Evidence of meeting #8 for Justice and Human Rights in the 42nd Parliament, 1st Session. (The original version is on Parliament’s site, as are the minutes.) The winning word was funding.

A recording is available from Parliament.

On the agenda

MPs speaking

Also speaking

Sarah Lugtig  Chair, Access to Justice Committee, Canadian Bar Association
Gerald Chipeur  Partner, Miller Thomson LLP, As an Individual
Cara Zwibel  Director, Fundamental Freedoms Program, Canadian Civil Liberties Association
Mark Power  Special Advisor, Forum of French Speaking Common Law members, Canadian Bar Association
Margaret Parsons  Executive Director, African Canadian Legal Clinic
Ziyaad Mia  Member, Legal Advocacy Committee, Canadian Muslim Lawyers Association
Anne Levesque  Chairperson, Human Rights Committee, Council of Canadians with Disabilities
John Rae  Second Vice-Chairperson and Chairperson of Social Policy Committee, Council of Canadians with Disabilities

10:35 a.m.

A voice

[Inaudible--Editor]

10:35 a.m.

Liberal

The Chair Liberal Anthony Housefather

No, sorry, we're out of time. Mr. Rankin may be able to ask you a question that allows you to comment, but I need to pass because the time is limited and we have to get through all the questioners.

10:35 a.m.

NDP

Murray Rankin NDP Victoria, BC

Thank you to all the witnesses.

I'd like to start by building on something that Ms. Parsons said, and to acknowledge the work of the African Canadian Legal Clinic. It's really quite excellent.

You talked in your presentation about housing, schooling, and employment as historical discrimination against African Canadians, and I think we would all agree, most of that being provincial in nature, and therefore your first recommendation.

The one that you just talked about I wanted to explore further with you. You talked about the need to make communities aware. You talked about outreach being inadequate in the past in terms of dollars, and money for consultation was the second point. In your presentation you said essentially whatever you do, don't house this within a university context. Is it because of the very things you're talking about, the inability for the community to access it?

10:35 a.m.

Executive Director, African Canadian Legal Clinic

Margaret Parsons

Absolutely. I think perception is important. There's a perception communities may have where they feel it's not accessible. That may or may not be the case. But I think also in terms of what can sometimes be a bureaucratic structure within universities is very problematic.

It's important that the court challenges program, if it is a stand-alone organization, has the administrative dollars to operate properly. No one is getting rich off this program, and in the past they struggled. Currently it's set at a 25% fee, but they have to have those resources.

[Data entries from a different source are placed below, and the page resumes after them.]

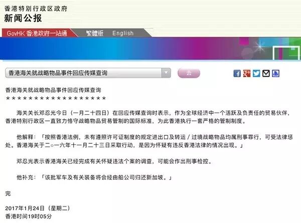 香港海关昨日公布,已完成遭扣押新加坡装甲车等战略物品怀疑违法个案的调查,该批军车及有关装备将经由船公司归还新加坡。香港海关表示仍可能作出刑事检控。新加坡外交部也发公告称梁振英已通知李显龙,李显龙已回函致谢。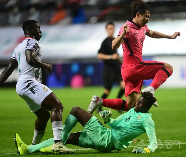 15일 제주월드컵경기장에서 열린 하나은행 초청 U-24 올림픽 축구대표팀 평가전 한국과 가나의 경기에서 조영욱이 슈팅을 시도했지만 가나 골키퍼 에수에게 막히고 있다.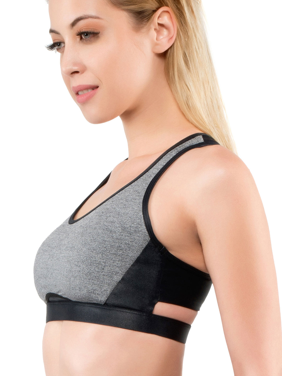 Zip Core Sports Bra - Black & Grey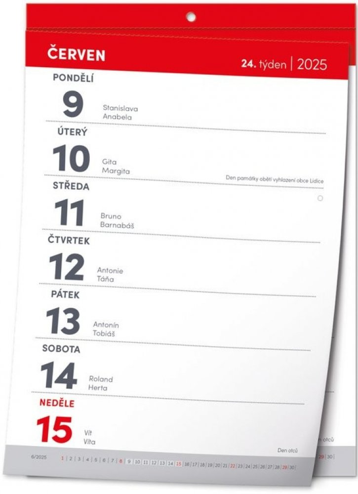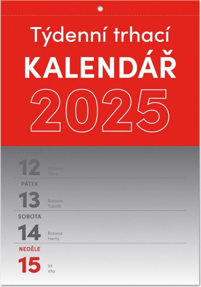 Popis : Nástěnný trhací kalendář, s nímž vám rok doslova uteče před očima. Praktický formát A5 je vhodný do každé místnosti. Týdenní kalendárium obsahuje česká jména, svátky a památné dny a přehled aktuálního měsíce u každého týdne.Druh sortimentu : Kalendář, Název : Trhací týdenní kalendář 2025 - nástěný kalendář, Jazyk : Čeština,
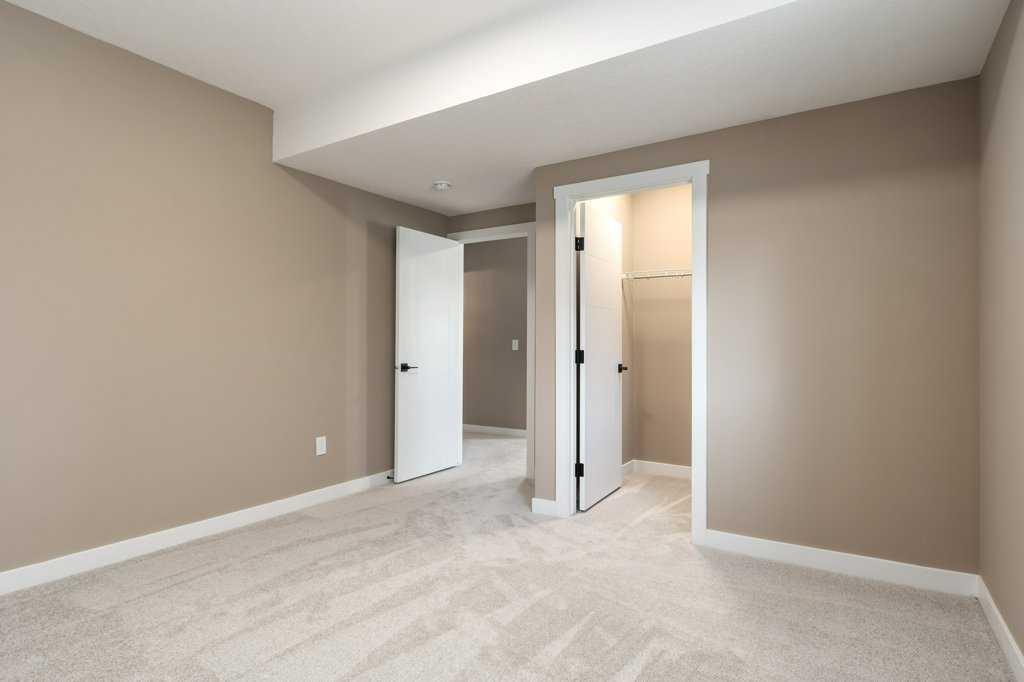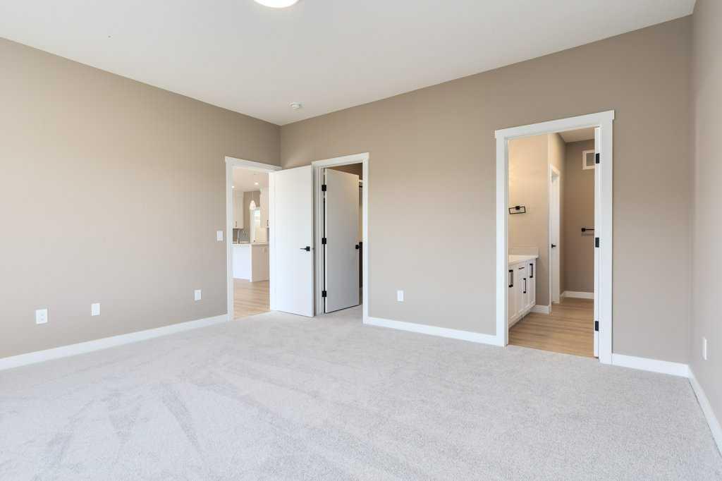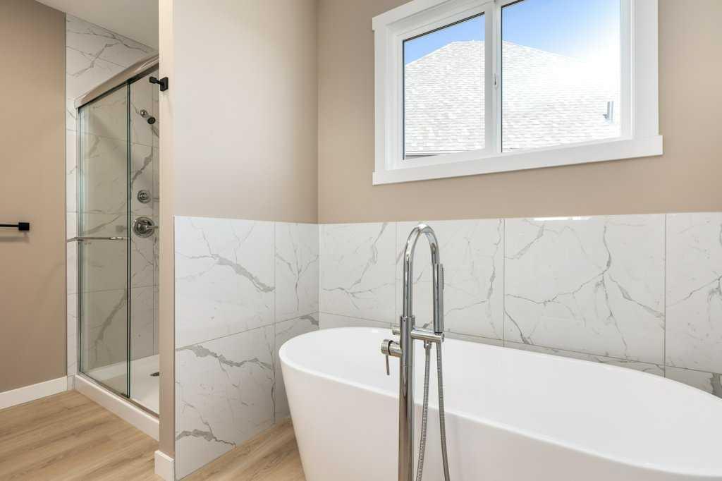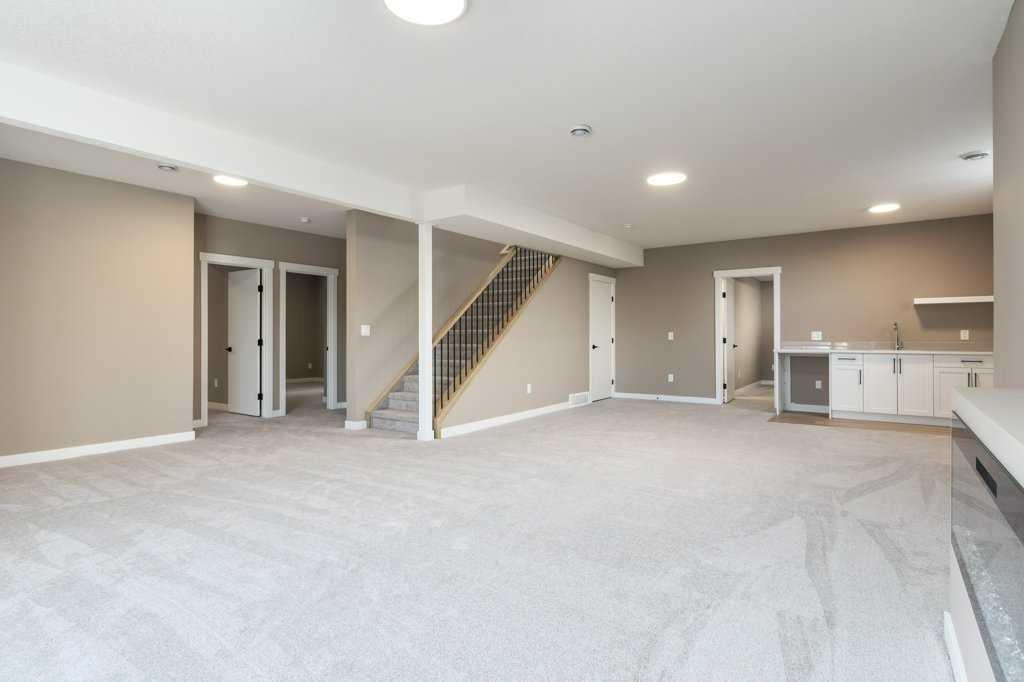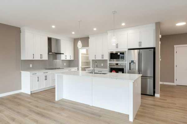 This is a brand new triple garage bungalow with a fully finished walkout basement. It is 1608 sq ft in a great area close to a beautiful waterway and park, and has premium finishes throughout. The main floor is a modern open plan with a wide entry hall, 9’ ceilings, high quality flooring, and a 25’ deck. The kitchen includes cabinets to the ceiling, quartz counters, under-mount sink, select tiles, and a large walk-in pantry. Also on the main floor is the spacious and open living / dining room, the primary bedroom, a laundry room, and a second bedroom or office. Deluxe appointments in the master suite include built in cabinetry in the walk-in closet, a double vanity, a freestanding soaker tub and a 6' shower. The lower level has three more spacious bedrooms and a very big family room with a built-in wet bar, a full bathroom and patio doors to a shady covered patio. All rooms in this home have lots of natural light, and there are many extras including a 8’ island in the kitchen, two fireplaces, and a Hardie board exterior.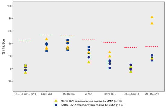 A multiplex surrogate virus neutralization (sVNT) assay was performed to further investigate neutralizing antibodies of serum samples previously positive by the binding MMIA. The sVNT assay targeting the receptor-binding domain (RBD) of SARS-CoV-2 (ancestral strain), SARS-CoV-1, bat CoV RaTG13, bat CoV WIV-1, bat CoV Rs2018B, bat CoV RsSHC014 or the spike proteins of MERS-CoV [published elsewhere]. The design of the RBD proteins and antigen coupling processes have been described previously [15,16,17]. The multiplex sVNT protocol was followed as described in a previous publication [15,18]. Briefly, serum samples were heat-inactivated at 60 °C for 30 min. A master mix of RBD-coat beads was incubated with serum samples with a dilution of 1:320 at 37 °C for 60 min with agitation, followed by 50 µL of phycoerythrin-conjugated human angiotensin-converting enzyme 2 (ACE2) and human dipeptidyl peptidase-4 (DPP-4) receptors (2 mg/mL; Genscript), and incubated at 37 °C for 30 min with agitation. Subsequently, plates were washed twice with 1% bovine serum albumin in 1XPBS (assay buffer) and resuspended with assay buffer before obtaining the final readings using Bio-Plex 200 HTF multiplexing system (Bio-Rad). Neutralizing antibody levels were calculated and reported as percent signal inhibition.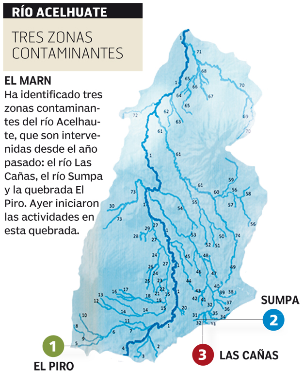 El MARN ha identificado tres zonas de mayor contaminación en el Acelhuate: el río Las Cañas y el Sumpa en Soyapango, así como la quebrada El Piro; recientemente en Las Cañas encontraron que cinco empresas están contaminando, pero ya iniciaron un proceso de construcción de plantas de tratamiento de aguas.

It has to be within a setting, a climate.... If we want to encourage community and we want to bring in community and we want to involve community, how it's structured and where it's placed is very important, and it being stand-alone is very important.

10:35 a.m.

NDP

Murray Rankin NDP Victoria, BC

I understand.

One of the witnesses we had earlier, the West Coast LEAF, has a new women's legal clinic, and their objective is to do real problems for real people but to use that as the laboratory from which to find cases that call for systemic relief.

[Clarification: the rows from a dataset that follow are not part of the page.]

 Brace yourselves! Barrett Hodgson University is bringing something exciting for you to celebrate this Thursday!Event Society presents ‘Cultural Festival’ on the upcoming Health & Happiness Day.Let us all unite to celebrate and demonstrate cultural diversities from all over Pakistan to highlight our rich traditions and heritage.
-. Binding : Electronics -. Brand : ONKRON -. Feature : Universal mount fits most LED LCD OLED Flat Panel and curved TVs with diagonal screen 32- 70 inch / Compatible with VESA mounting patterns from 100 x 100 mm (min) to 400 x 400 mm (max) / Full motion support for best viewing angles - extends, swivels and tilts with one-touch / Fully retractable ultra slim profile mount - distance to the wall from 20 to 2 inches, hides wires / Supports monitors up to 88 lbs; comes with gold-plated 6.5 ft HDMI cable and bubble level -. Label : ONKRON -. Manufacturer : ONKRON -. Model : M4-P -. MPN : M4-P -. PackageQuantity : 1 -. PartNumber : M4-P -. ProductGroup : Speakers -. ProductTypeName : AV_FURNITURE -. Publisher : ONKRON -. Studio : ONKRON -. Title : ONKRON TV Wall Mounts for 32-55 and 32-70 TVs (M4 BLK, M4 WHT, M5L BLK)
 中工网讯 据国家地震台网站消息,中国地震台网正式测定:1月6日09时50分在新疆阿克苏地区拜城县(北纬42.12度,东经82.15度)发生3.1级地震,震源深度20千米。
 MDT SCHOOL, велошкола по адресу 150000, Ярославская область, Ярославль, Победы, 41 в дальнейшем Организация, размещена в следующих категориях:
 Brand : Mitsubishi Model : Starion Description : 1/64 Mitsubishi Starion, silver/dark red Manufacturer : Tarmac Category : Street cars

I just wanted to ensure that's essentially what the African Canadian Legal Clinic does. You choose cases that might have more systemic importance.

10:35 a.m.

Executive Director, African Canadian Legal Clinic

Margaret Parsons

Yes, absolutely.

10:35 a.m.

NDP

Murray Rankin NDP Victoria, BC

So you'll be able to generate things that a court challenges program would assess.

10:35 a.m.

Executive Director, African Canadian Legal Clinic

Margaret Parsons

Absolutely.

10:35 a.m.

NDP

Murray Rankin NDP Victoria, BC

Thank you.

I want to ask Mr. Mia a couple of questions, if I may. First of all, I would like to congratulate you on all of the work you personally did on C-51. We're very grateful to you that we did excellent work on that. I was surprised, therefore, that you didn't spend any time in your presentation talking about the Charkaoui case, and cases like that, so I'll give you an opportunity to talk about the court challenges program in that context.

10:35 a.m.

Member, Legal Advocacy Committee, Canadian Muslim Lawyers Association

Ziyaad Mia

Thank you for the compliment. A lot of people worked on Bill C-51, there were various community advocates and lawyers who were quite active on it.

In terms of national security issues, let's focus on the Muslim community impact. For whatever reasons, Muslims in Canada are disproportionately affected by the national security file and the war on terror, globally, and in Canada as well. That can sometimes have discriminatory impacts directly.

So you have cases where we've had the security certificate issue where Muslim men were detained without charge, without access to counsel essentially, and with secret hearings because they didn't even have a trial per se. In that case, in the Charkaoui decision, the Supreme Court ruled in that instance.

That I believe was funded by CCP on a section 15 issue—and I still think there's a section 15 issue there—and they lost on that issue but they won on section 7. It's just fundamental justice that in Canada and in our system having essentially a secret hearing is antithetical to our system of justice and the rule of law. The special advocate model was created as a result of that decision.

That's one instance on particular communities, communities that my organization has experience with, or take, for example, the Arar issue. There wasn't legislation per se, but the charter can challenge government action, so what actions the Government of Canada took to lead to Mr. Arar's horrible situation in Syria. Those are the sorts of situations where national security can come up.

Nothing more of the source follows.